# A Recommendation Engine for The Recipes by Using Collaborative Filtering in Python

#### About the Dataset:
pre-existing dataset for food.com from Kaggle, which includes two CSV files. One is the interactions_train CSV file containing around 160,000 recipe IDs rated by 25,000 user IDs in a total of 699,000 records, and the other is the RAW_recipes CSV file containing 230,000 recipes with names, ingredients, description, and steps, etc.

In [1]:
import numpy as np
import pandas as pd
from sklearn.model_selection import train_test_split
from sklearn.metrics.pairwise import pairwise_distances

In [2]:
interactions_data = pd.read_csv('./Data_Files/interactions_train.csv')
recipes_data = pd.read_csv('./Data_Files/RAW_recipes.csv')

## Data Preprocessing

We reate a new DataFrame _all by dropping unnecessary columns ('date', 'u', 'i') from the 'interactions_train.csv' dataset.

In [3]:
interactions_data_new = interactions_data.drop(['date', 'u', 'i'], axis = 1)
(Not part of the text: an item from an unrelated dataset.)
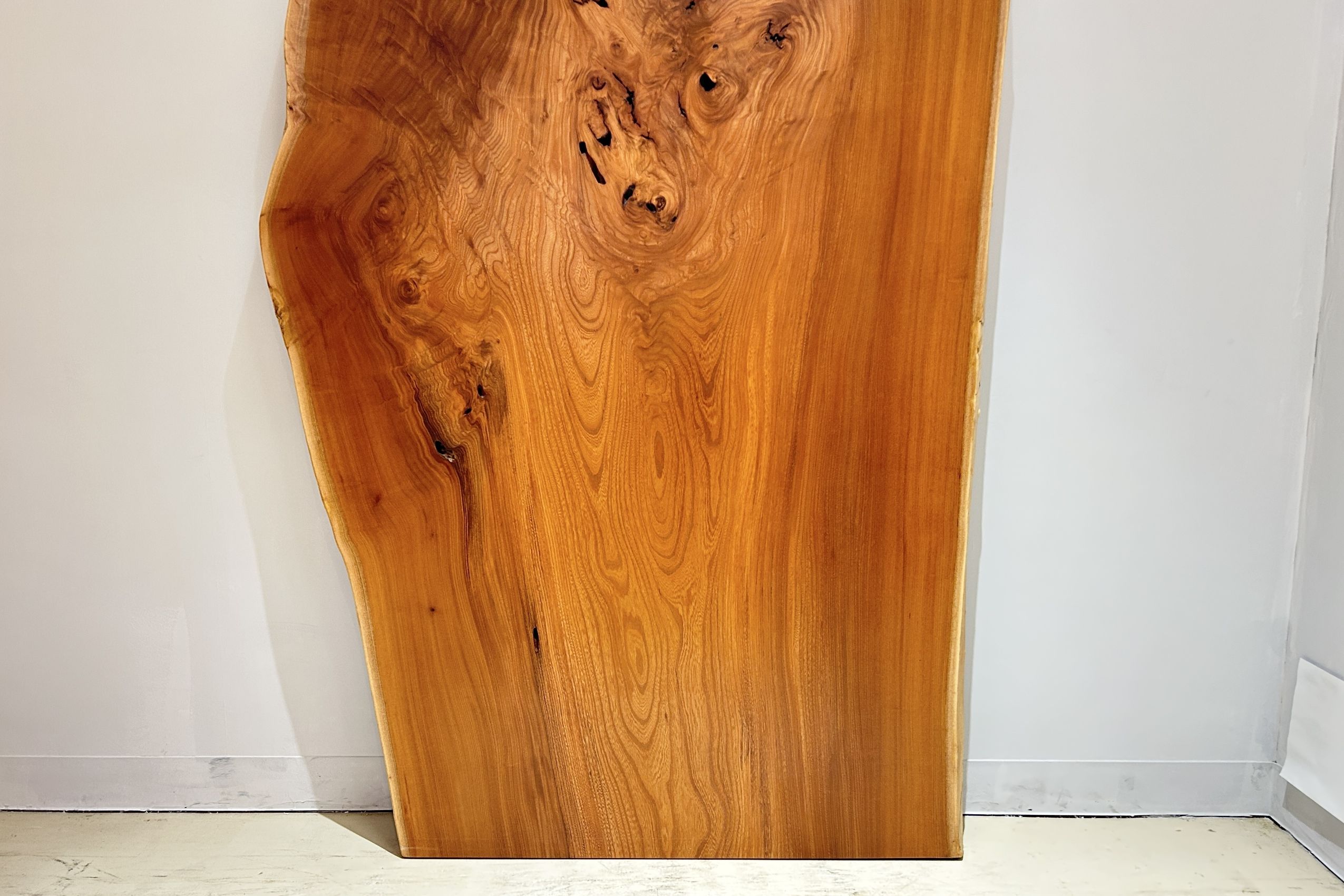 変化のある木目で、比較的深みのある色合いのグラデーションが綺麗な欅材一枚板です。

We group the data by 'user_id', count the number of recipes each user has reviewed, rename the column, and select the top 7500 users based on the number of reviews.

In [4]:
grouped_users = interactions_data_new.groupby(['user_id'], as_index = False, sort = False).agg({'recipe_id':'count'}).reset_index(drop = True)
grouped_users = grouped_users.rename(columns = {'recipe_id':'reviews_count'})
grouped_users = grouped_users.sort_values('reviews_count', ascending = False).iloc[:7500,:]
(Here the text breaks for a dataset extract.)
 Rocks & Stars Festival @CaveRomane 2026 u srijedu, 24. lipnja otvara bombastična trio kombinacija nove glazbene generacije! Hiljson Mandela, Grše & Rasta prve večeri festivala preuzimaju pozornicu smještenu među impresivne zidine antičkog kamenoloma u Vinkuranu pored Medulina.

Similarly, we group the data by 'recipe_id', count the number of reviews for each recipe, rename the column, and select the top 7500 recipes based on the number of reviews.

In [5]:
grouped_recipes = interactions_data_new.groupby(['recipe_id'], as_index = False, sort = False).agg({'user_id':'count'}).reset_index(drop = True)
grouped_recipes = grouped_recipes.rename(columns = {'user_id':'reviews_count'})
grouped_recipes = grouped_recipes.sort_values('reviews_count', ascending = False).iloc[:7500,:]
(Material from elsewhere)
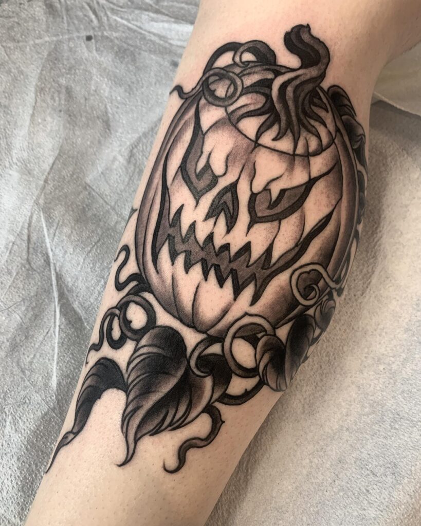 The bright glow of the carved eyes and mouth stands out beautifully against the pumpkin’s orange shading. This design blends spooky and sweet elements, making it perfect for someone wanting a festive yet friendly Halloween-inspired tattoo.

We merge the original data with the user and recipe information, removing unnecessary columns.

In [6]:
merged_data = pd.merge(interactions_data_new.merge(grouped_users).drop(['reviews_count'], axis = 1), grouped_recipes).drop(['reviews_count'], axis = 1)

The following lines create new DataFrames, grouped_user and grouped_recipe, by grouping data by user and recipe and counting the number of reviews for each.

In [7]:
grouped_user = merged_data.groupby(['user_id'], as_index = False, sort = False).agg({'recipe_id':'count'}).reset_index(drop = True)
grouped_user = grouped_user.rename(columns = {'recipe_id':'reviews_count'})

grouped_recipe = merged_data.groupby(['recipe_id'], as_index = False, sort = False).agg({'user_id':'count'}).reset_index(drop = True)
grouped_recipe = grouped_recipe.rename(columns = {'user_id':'reviews_count'})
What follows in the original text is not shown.